Гонорар за роль в фильме – цветном, ширококвадратном, как сказала Мокроусова, – должен бы залатать наши прорехи…
В приятных мыслях мы добрели пешком до кафе «Малахит», выпили там бутылку шампанского и потом побрели домой, перекуривая на каждой скамейке.
Наутро я, как всегда, стояла на троллейбусной остановке в девять утра и ждала, когда из-за деревьев покажется синяя кофточка Мокроусовой. В одежде Вера проявляла себя скудно – по причине всё той же безденежности, и эта самая кофточка – синяя в поперечную черную полоску – до сих пор неразрывно связана у меня с Верой и с нашей совместной юностью.
Экзамен был назначен на десять часов – у меня, и на десять пятнадцать – у Веры, она сдавала русскую литературу.
Я нервничала. На остановку приходили какие-то другие девицы, запрыгивали в троллейбусы, и те медленными динозаврами отправлялись в путь. Потеряв последнее терпение, я зашагала к скромной пятиэтажке, где проживала Мокроусова с папой, мамой и собакой Рэнейсенс, которую я неуважительно называла Ренькой.
Ренька залаяла, услышав мой звонок, а потом заскулила. Дверь открыл мокроусовский папа в майке и шлепанцах. Из комнаты неслись позывные американского сериала, который в то время смотрели даже самые интеллигентные люди.
– А Верку в больницу увезли на «скорой», – сообщил мне папа, пытаясь воздействовать тапком на невоздержанную в эмоциях Ренейсенс. – Сказали, сальмонеллез. Отравилась она, значит, курицей.
Тут Ренейсенс всё-таки прорвала папину осаду и рванулась ко мне с приветствиями, так что он хлопнул дверью перед моим носом, успев прокричать номер палаты, где мучилась кишечным заболеванием Мокроусова.
Преподавательница по зарубе мне очень нравилась. Звали ее, правда, непросто – Лионелла Сергеевна, но во всём остальном она была совершенно замечательным человеком. У Лионеллы Сергеевны были глаза как жареные каштаны и чувство юмора, как я люблю. Обычно мои шутки никто, кроме Мокроусовой, не понимал, а вот Лионелла Сергеевна понимала.
Я взяла билет и задумчиво уселась за парту. В голове почему-то мелькали слова: «Витя, Витечка, не надо со мной так!» И еще одно зловещее слово стучало в виски когтями: «курица». Витечка-то понятно откуда взялся – это из роли, а вот при чём тут курица?..
Экзаменационный билет просил меня рассказать о «Буре» и объяснить доходчиво, что такое сегидильи. В принципе, можно было обойтись и без подготовки. Лионелла Сергеевна с улыбкой выслушала мой ответ, сказала:
– Лена, ты, как всегда, торопишься! Надо было еще поготовиться.
Написала мне в зачетке «четыре», и я выскочила из аудитории с бьющимся сердцем.

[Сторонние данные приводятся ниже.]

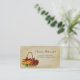 Offer your services as a certified holistic nutrition consultant for women when you give clients this girly health and wellness business card with a vintage vignette of a fruit basket fill with red and yellow berries. Personalize by adding the name of the nutrition counselor or dietician and her professional credentials. Add your QR code to the back, or you can remove the template images if you prefer. You can get your own unique quick response code by using an online code generator.

Курица! Курица с пиццей! То есть, тьфу ты, пицца с курицей! Мы с Веркой вместе ели этих пицце-куриц, и теперь у меня тоже будет сальмонеллез!
В подтверждение живот мой начал гудеть и выделывать какие-то сложные внутренние кульбиты. Боль росла, собиралась в шар, потом мягко разлеталась по всему телу. Я присела на ступеньку и оперлась о стену, чтобы не упасть.
Тут из аудитории вышла Лионелла Сергеевна покурить, увидела меня и говорит:
– Лена, неужели ты так расстроилась из-за четверки? Ну-ну, в следующий раз будет пять!
Я хотела сказать, что дело совершенно не в этом, но мои губы смогли прошептать только одно слово – «курица», после чего не помнится уже ничего совершенно.
– Это ж надо, какой приступ! – радостно сказал мужчина в несвежем белом халате: от него явственно пахло докторской колбасой.
Я открыла глаза и посмотрела на мужчину бессмысленным взором.
– Привет, красавица! – у этого Айболита было очень хорошее настроение.
– Куда едем? – слабо прошептала я, потому что мы находились в машине.
– В инфекционку, милая моя. Отравилась ты, похоже, – пропел веселый Айболит.
– Как это вы узнали, – поежилась я, – что, я какие-то неприличные действия совершала?
Айболит расхохотался, и до меня донесся новый шквал колбасного аромата.
Чуть позже за сознанием ко мне вернулась боль. Живот просто распирало на части – будто какой-то маленький изверг залез в кишки и теперь крутит из них петли.
«Скорая» резко затормозила, и меня вырвало.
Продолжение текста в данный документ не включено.